In the southern part of the town hall, on the 1st floor, not far from the mayor’s office, is the city senate meeting room , where the government , as the body is called internally today, meets regularly. Honors and decorations are also awarded here.
The offices of the city and state of Vienna's scientific library, called Vienna Library in the City Hall , as well as some executive city councilors and top officials are located on the representative floor of the building.
The main entrances (and driveways) to the building are on the ground floor of the town hall: on the north side of the entrance at Felderstrasse (with tobacco shop, stair 4, including to the Vienna library in the town hall , and stair 6, next to which there is a historic paternoster lift ), on the south the entrance Lichtenfelsgasse (with the direct elevator to the mayor’s office, a spiral staircase to the mezzanine where the mayor’s apartment was once, and stairs 3 and 5), on the western back the entrance Friedrich-Schmidt-Platz (see below, with stairs 7 and 8). From each of these three entrances, two staircases lead to the upper floors. On the front of the town hall facing the Ringstrasse and the town hall square and park, numerous steps lead to entrances directly under the main tower and next to it, which are only opened during events in the Volkshalle and only lead directly into them.

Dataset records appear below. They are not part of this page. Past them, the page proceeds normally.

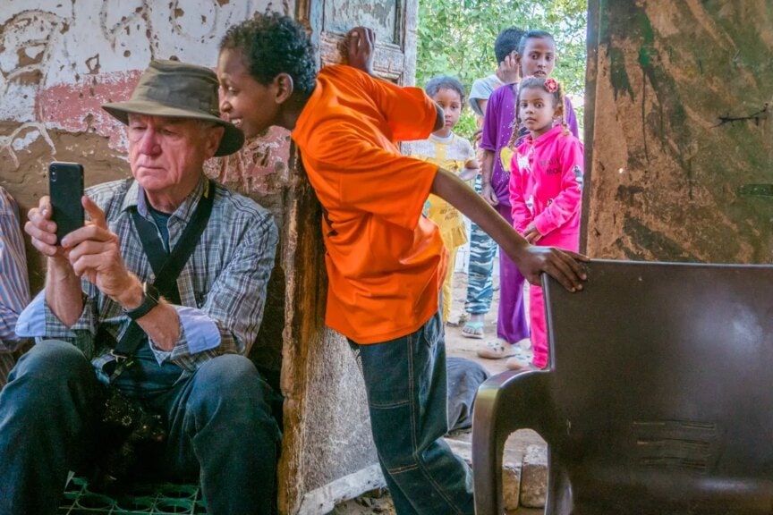 The children followed us wherever we disembarked. We were as much a curiosity to them as they were to us. This young man was not allowed into the hut, but couldn’t resist looking at the cellphone images taken of them.
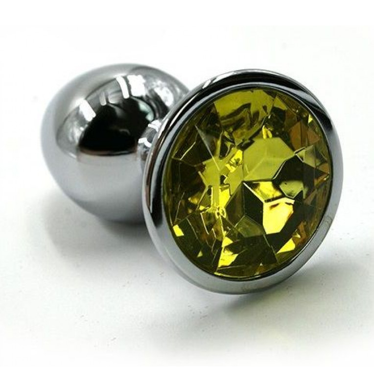 Анальная пробка из алюминия размер S. Страз в основании круглой формы, выполнен из стекла желтого цвета. Упакована в вельветовый мешочек для хранения. Вес - 52 гр.
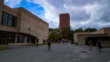 Lockdown time lapse shot of male and female students entering college campus under cloudy sky - University in United States
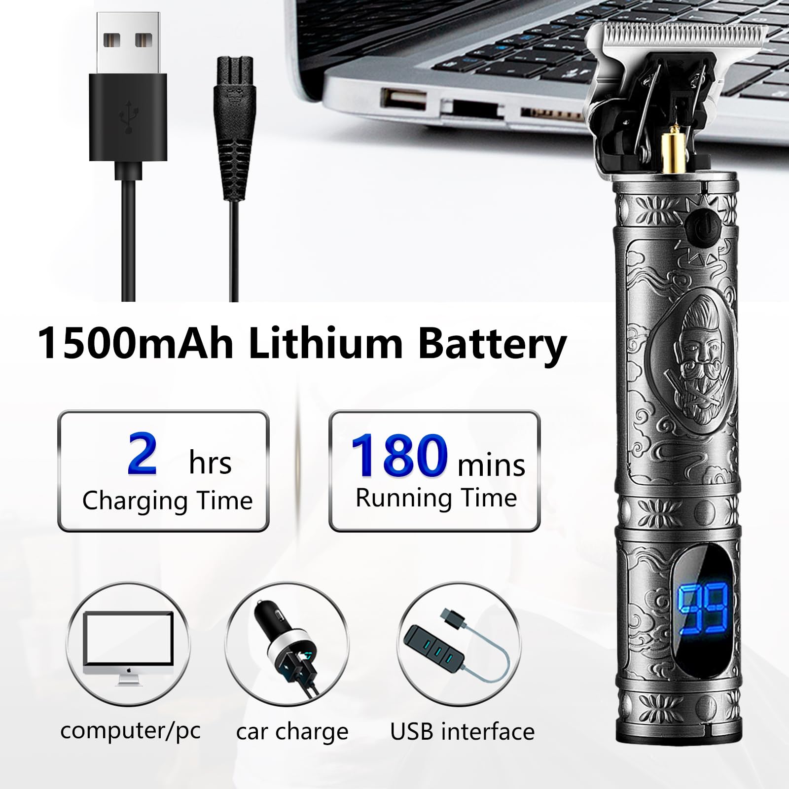 - 【Cordless USB Rechargeable Design】 - 1500mAh Lithium-ion battery delivers over 180 minutes of nonstop run time; charges in just 2 hour. The USB cable can compatible with any USB charger interface .You can walk away from the charger while using maximum mobility and convenience.

The Volkshalle is located exactly below the ballroom; In the opinion of the builders of the town hall, events of a more popular nature had to take place here, to which simple people were expected. (At the time when the town hall was being built, the general and equal suffrage for men and women introduced in 1919 was still a long way off.) The Volkshalle is also directly accessible from the arcade courtyard and is now also used for all kinds of events. What distinguishes them from the ballroom is the significantly lower room height and the presence of numerous columns supporting the upper floors; in addition, the natural incidence of light is much lower.

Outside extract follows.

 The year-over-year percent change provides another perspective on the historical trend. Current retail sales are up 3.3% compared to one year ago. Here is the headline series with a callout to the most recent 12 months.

Two stairs lead from the town hall entrance at Friedrich-Schmidt-Platz 1 to the council meeting room on the 1st floor. At the foot of the two stairs there was once a covered driveway for the councils who came to the meetings in carriages. A fire engine was later parked here; in 1970 the former right of way became the Town Hall Information rebuilt Information Office mentioned that today Stadtinformation 's (City Service Vienna).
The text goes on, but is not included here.